• _What you have to do_: Leave out the images and return all the data word for word.
Segment Start: Material provided
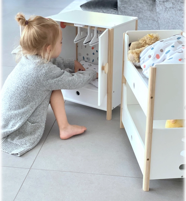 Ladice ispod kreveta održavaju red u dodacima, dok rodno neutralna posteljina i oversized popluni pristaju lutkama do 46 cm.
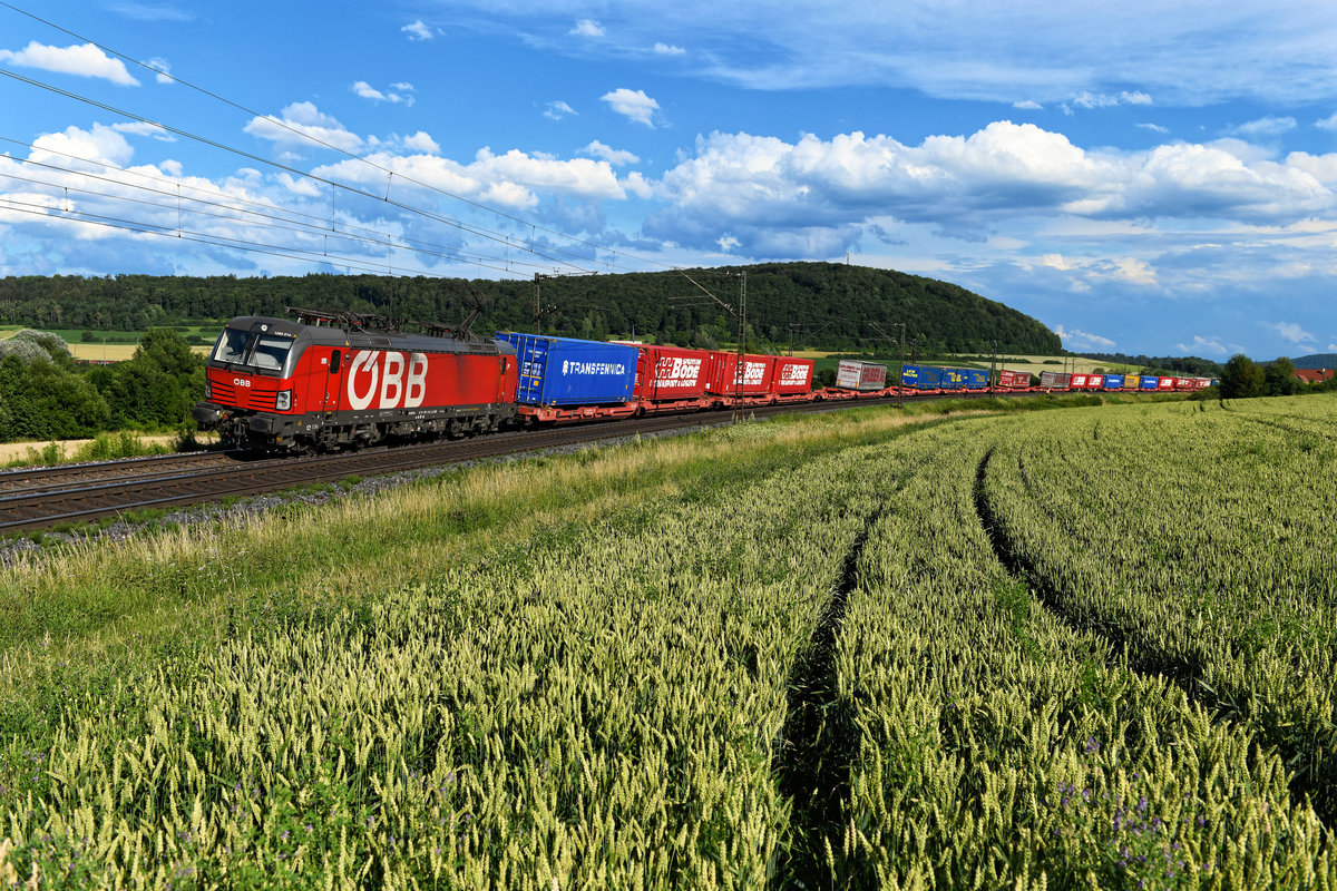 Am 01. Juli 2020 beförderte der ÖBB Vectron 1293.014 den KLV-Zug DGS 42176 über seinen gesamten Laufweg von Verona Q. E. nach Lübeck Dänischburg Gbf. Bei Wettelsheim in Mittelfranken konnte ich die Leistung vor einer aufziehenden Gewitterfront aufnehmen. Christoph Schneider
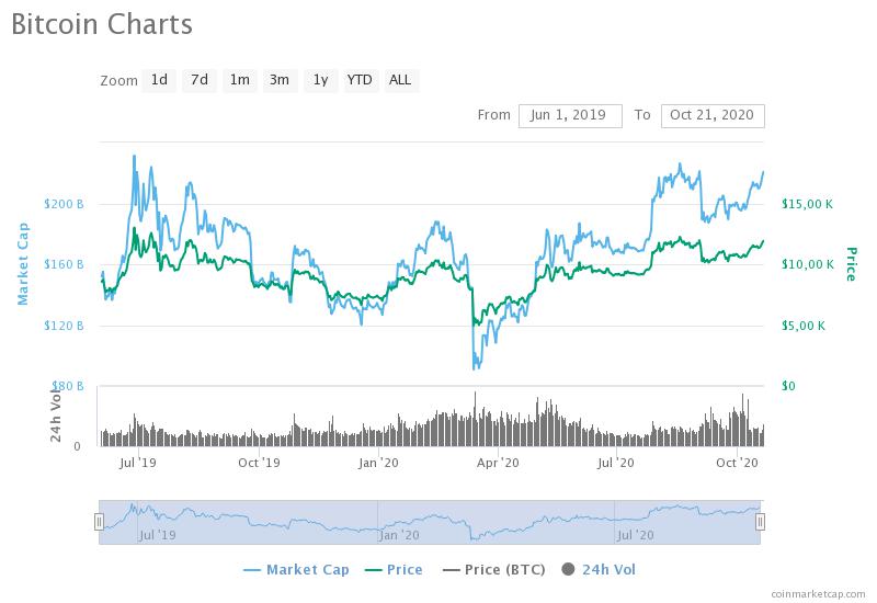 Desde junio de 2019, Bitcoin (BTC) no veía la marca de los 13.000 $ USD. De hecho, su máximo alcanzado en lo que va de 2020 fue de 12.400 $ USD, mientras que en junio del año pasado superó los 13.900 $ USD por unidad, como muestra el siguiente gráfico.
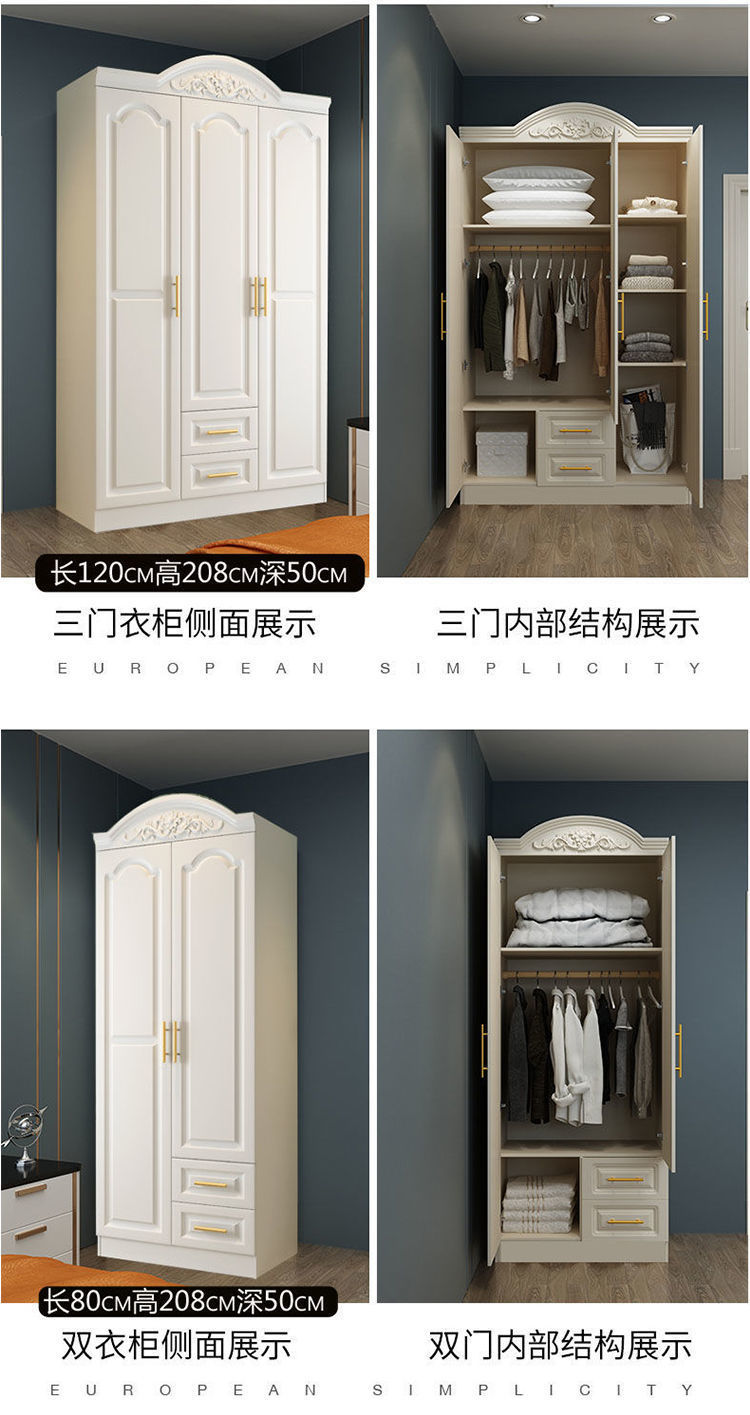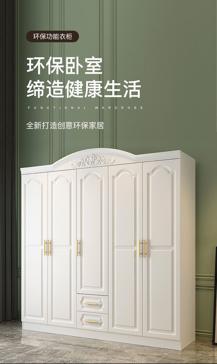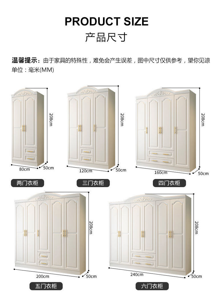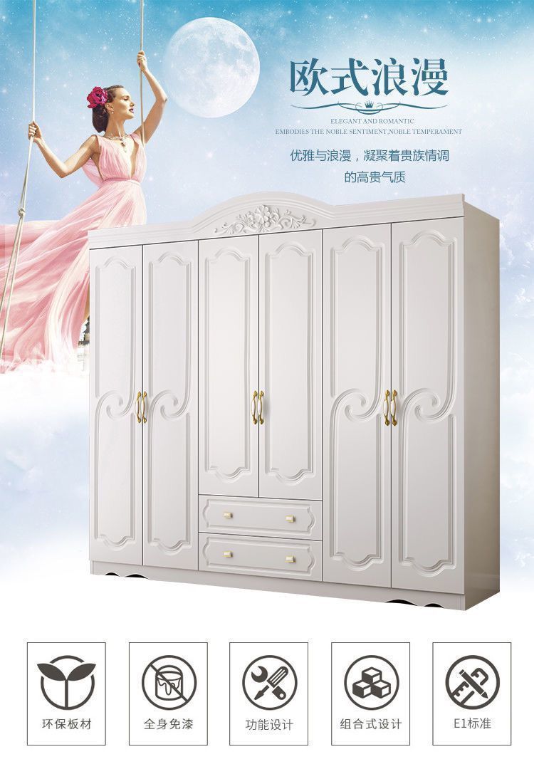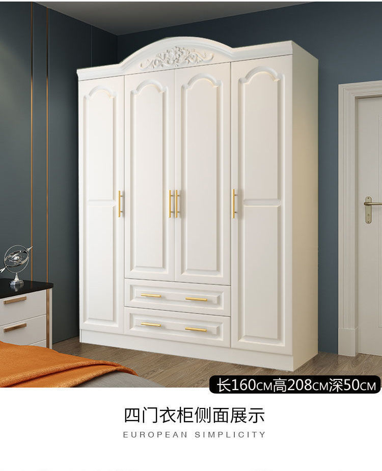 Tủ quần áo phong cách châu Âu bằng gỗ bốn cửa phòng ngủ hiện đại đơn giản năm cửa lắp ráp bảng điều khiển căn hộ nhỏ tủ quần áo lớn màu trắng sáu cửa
Segment End: Material provided
• _Output of the exercise_:
 Ladice ispod kreveta održavaju red u dodacima, dok rodno neutralna posteljina i oversized popluni pristaju lutkama do 46 cm.
 Am 01. Juli 2020 beförderte der ÖBB Vectron 1293.014 den KLV-Zug DGS 42176 über seinen gesamten Laufweg von Verona Q. E. nach Lübeck Dänischburg Gbf. Bei Wettelsheim in Mittelfranken konnte ich die Leistung vor einer aufziehenden Gewitterfront aufnehmen. Christoph Schneider
 Desde junio de 2019, Bitcoin (BTC) no veía la marca de los 13.000 $ USD. De hecho, su máximo alcanzado en lo que va de 2020 fue de 12.400 $ USD, mientras que en junio del año pasado superó los 13.900 $ USD por unidad, como muestra el siguiente gráfico.
 Tủ quần áo phong cách châu Âu bằng gỗ bốn cửa phòng ngủ hiện đại đơn giản năm cửa lắp ráp bảng điều khiển căn hộ nhỏ tủ quần áo lớn màu trắng sáu cửa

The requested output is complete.